Search code examples
pythonpandasnumpyoptimizationsum

create a column that is the sum of previous X rows where x is a parm given by a different column row


Im trying to create a column where i sum the previous x rows of a column by a parm given in a different column row.

I have a solution but its really slow so i was wondering if anyone could help do this alot faster.

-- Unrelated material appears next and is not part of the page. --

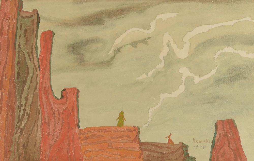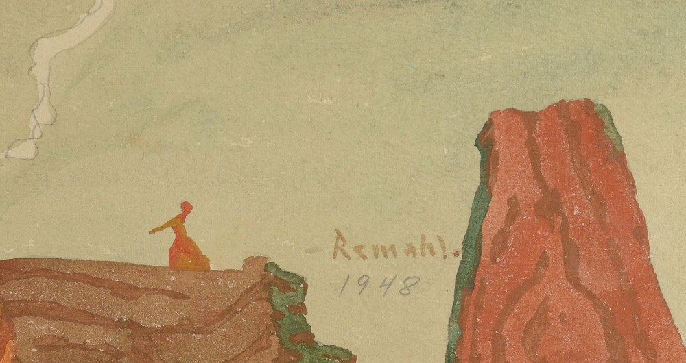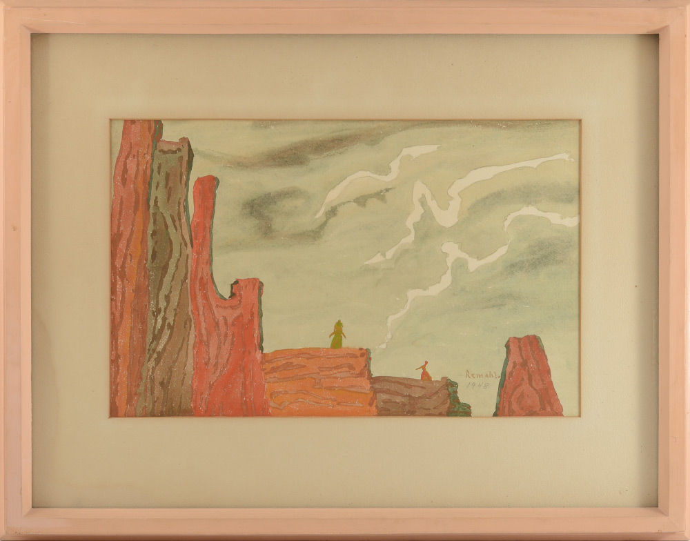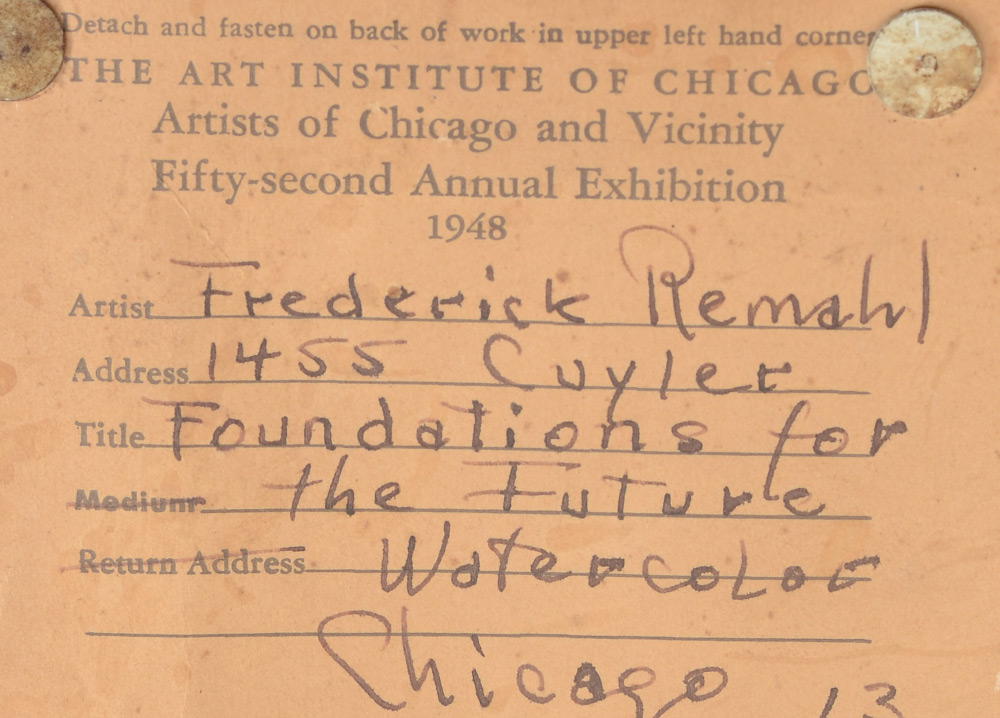 REMAHL, Frederick, (Swedish, 1901-68): ''Foundations for the Future'', Watercolor, sight size 10.5'' x 16.25'', signed lower right and dated 1948, The Art Institute of Chicago Exhibition 1948 label affixed verso, painted frame, 19.5'' x 25''.

| time                     |    price   |parm |
|--------------------------|------------|-----|
|2020-11-04 00:00:00+00:00 |    1.17600 |   1 |
|2020-11-04 00:01:00+00:00 |    1.17503 |   2 |
|2020-11-04 00:02:00+00:00 |    1.17341 |   3 |
|2020-11-04 00:03:00+00:00 |    1.17352 |   2 |
|2020-11-04 00:04:00+00:00 |    1.17422 |   3 |

and the slow slow code


    @jit
    def rolling_sum(x,w):
        return np.convolve(x,np.ones(w,dtype=int),'valid')
    
    @jit
    def rol(x,y):
        for i in range(len(x)):
            res[i] = rolling_sum(x, y[i])[0]
        return res
    
    dfa = df[:500000]
    res = np.empty(len(dfa))
    
    r = rol(dfa.l_x.values, abs(dfa.mb).values+1)
    r


Solution

  • Maybe something like this could work. I have made up an example with to_be_summed being the column of the value that should be summed up and looback holding the number of rows to be looked back

    df = pd.DataFrame({"to_be_summed": range(10), "lookback":[0,1,2,3,2,1,4,2,1,2]})
    summed =  df.to_be_summed.cumsum()
    result = [summed[i] - summed[max(0,i - lookback - 1)] for i, lookback in enumerate(df.lookback)]
    

    What I did here is to first do a cumsum over the column that should be summed up. Now, for the i-th entry I can take the entry of this cumsum, and subtract the one i + 1 steps back. Note that this include the i-th value in the sum. If you don't want to inlcude it, you just have to change from summed[i] to summed[i - 1]. Also note that this part max(0,i - lookback - 1) will prevent you from accidentally looking back too many rows.